▶ _YOUR OBJECTIVE_
Return the line that has "You’ll get 24" and all lines below it through the last, exactly as they stand; omit pictures.

▶ _STORED DATA_
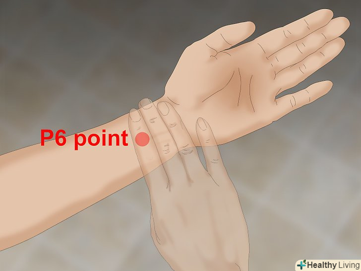 Натисніть на точку P6.подейкують, що ця акупунктурна точка знижує нудоту. Вона знаходиться на внутрішній стороні зап'ястя, трохи вище від поперечної складки на зап'ясті. Багато туристичних магазинів продають браслети з вбудованими кнопками, які натискають на цю точку. Проведені наукові дослідження довели ефективність цього методу при заколисуванні.[10]- Донині точаться суперечки про те, що саме допомагає при нудоті – сама точка тиску або процес натискання на неї.[11] як би там не було, а спробувати варто.
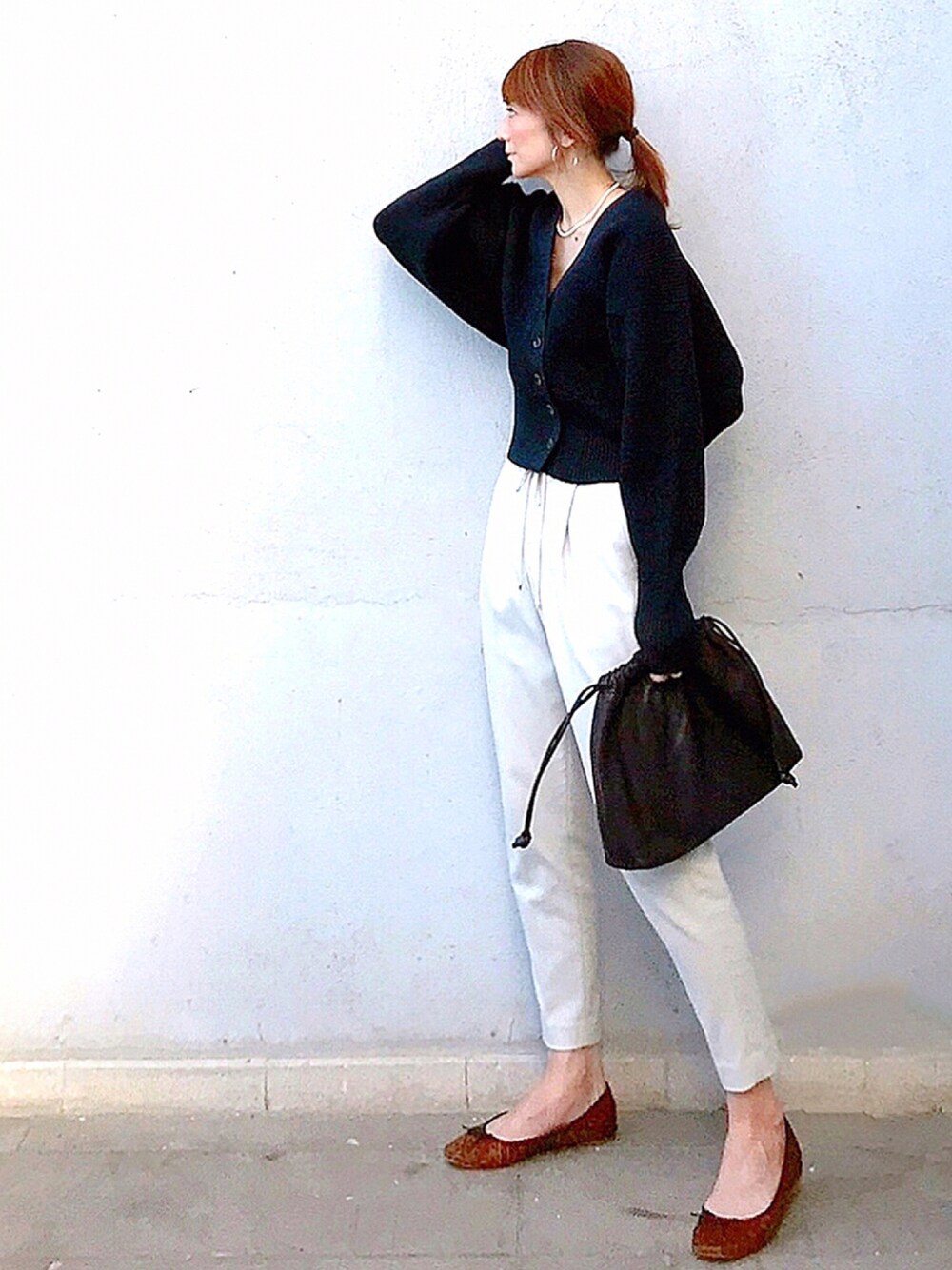 LUMIEのカーディガン/ボレロ「コクーンスリーブVネックニットカーディガン」を使ったコーディネート
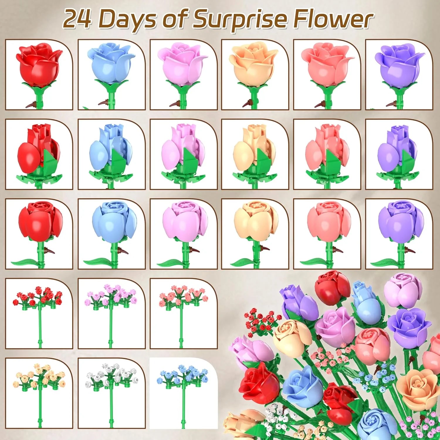 You’ll get 24 unique pieces that come together to make a full bouquet — each day adds a new surprise to your collection.
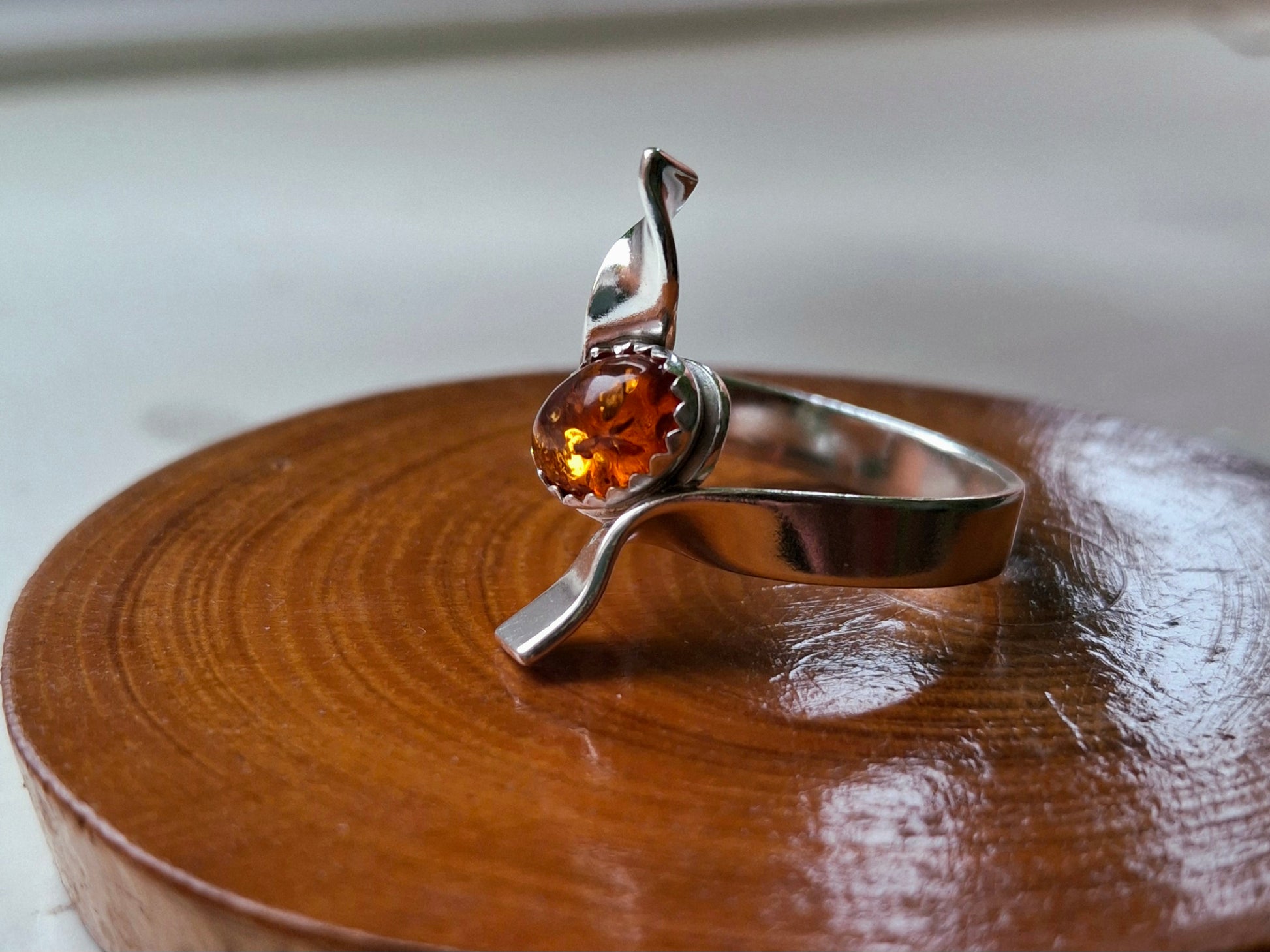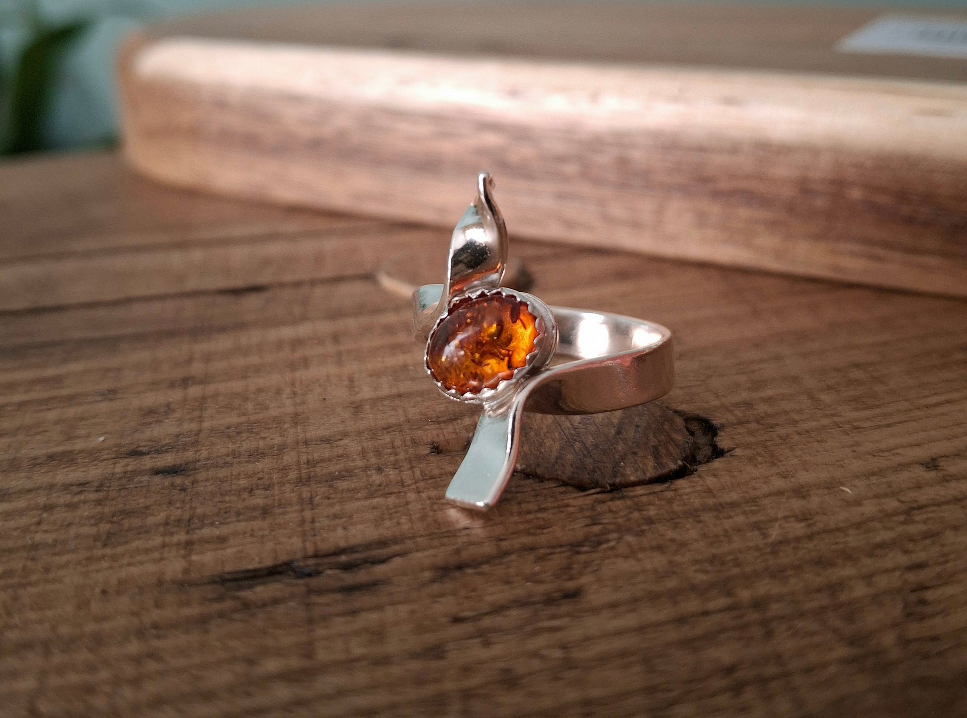 🧡 The ring has a UK size P ½, the amber is 6x8mm big.

▶ _ANSWER SECTION_
 You’ll get 24 unique pieces that come together to make a full bouquet — each day adds a new surprise to your collection.
 🧡 The ring has a UK size P ½, the amber is 6x8mm big.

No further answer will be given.